Al amanecer de estos eventos pululan los reponedores, barriles de cerveza, cajas de vino, sacos de patatas, de costillas. Como si los barrenderos no les estorbaran con sus mangueras y sus chorros de agua. Para que cuando se abran las ferias los escenarios reluzcan y oculten el más mínimo atisbo de cutredad o subdesarrollo.
Vengan, vengan, vengan. Por la misma cantidad de siempre, o un poco más, inflación incluida, le vendemos la maravilla, lo que la ciudad nunca vio: cueros, sortijas, cuadros, botijos, menaje de madera, especias olorosas, perfumes embriagadores, pañuelos de moco, de cuello, de cabeza, libros viejos. Ah, ¿no?
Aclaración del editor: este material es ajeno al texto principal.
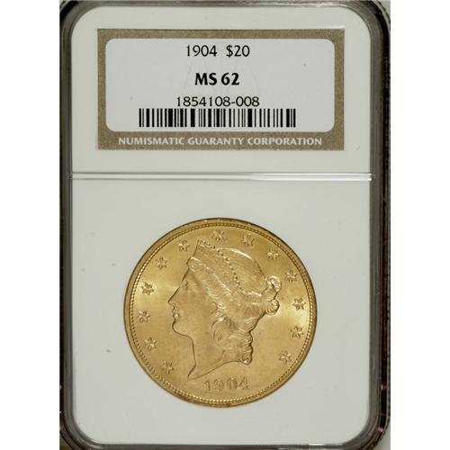 1904 $20 MS62 NGC. NGC Census: (52860/88385). PCGS

Todo casero, artesanal, ecológico, rural, hecho a mano.
Desde que quitaron el uniforme, suponiendo que algún día lo tuvieran, a los inspectores de hacienda y a los veterinarios que cuidan la ortodoxia de la oferta, el público en general da por supuesto que patatas, costillas, churros, cecinas, orejas rebozadas y toda clase de alimentos gozan de la misma garantía sanitaria que los productos del tendero de la esquina.

Los alcaldes y concejales con mando en plaza miran con satisfacción y orgullo los magníficos resultados. Piensan que al año que viene habrá más puestos, más luces, más música, más actividades, más cultura. Puede que ganen al pueblo de al lado, a la ciudad de al lado, al país de al lado, porque la estrella de Navidad será más grande, más alta, más larga. Y por qué no más votos. Se van a enterar las empresas de luminarias cuando lean el pliego de condiciones. La releche.
Un vecino que sale a pasear con su señora apoyado en el andador, que apenas puede levantar la mirada del suelo, repara en que la alcantarilla sigue tan atascada como lo estaba cuando él, hace años, salía a correr por las mañanas antes de ir a trabajar.
La luz del sol que dora las piedras del Acueducto, de la Plaza Mayor de Salamanca, de La Muralla de Ávila es más triste porque los vecinos y visitantes apenas reparan en ella: habitual, rutinaria. Y se desvanece entre el granito, sobre la caliza, ayuna de miradas y requiebros.
Crece la oscuridad por encima de los atrios románicos que recogen el humo de las fritangas. Sobrevuela las acacias de los parques que sobreviven a los plásticos de los veladores improvisados. Inunda las calles a medida que se alejan del centro sin arcos ni pórticos luminosos, sin luz, sin gente.
Inmensa minoría, solitarios recalcitrantes, quien sabe si gamberros cobardes a la caza de espejos de coches, deambulan huyendo del furor del éxito. Lamentar que una farola se ha fundido mientras en una portada 36 canales de relés con sus 23.000 píxeles RGB son controlados punto a punto suena a chiste. Entre Navidad y Carnavales puede que las casetas devuelvan la libertad a las plazas, que las luminarias dejen de acosar a las noches, que las megafonías permitan el paso del rumor de la normalidad, si es que eso existe.
Delante del altar de la iglesia del convento de las Madres Dominicas, por ejemplo, vuelve a emerger el nacimiento. Abstenerse turistas y mirones en horas de culto. Aquí no se compite. Se comparte: Paz a las mujeres, y a los hombres, de buena voluntad.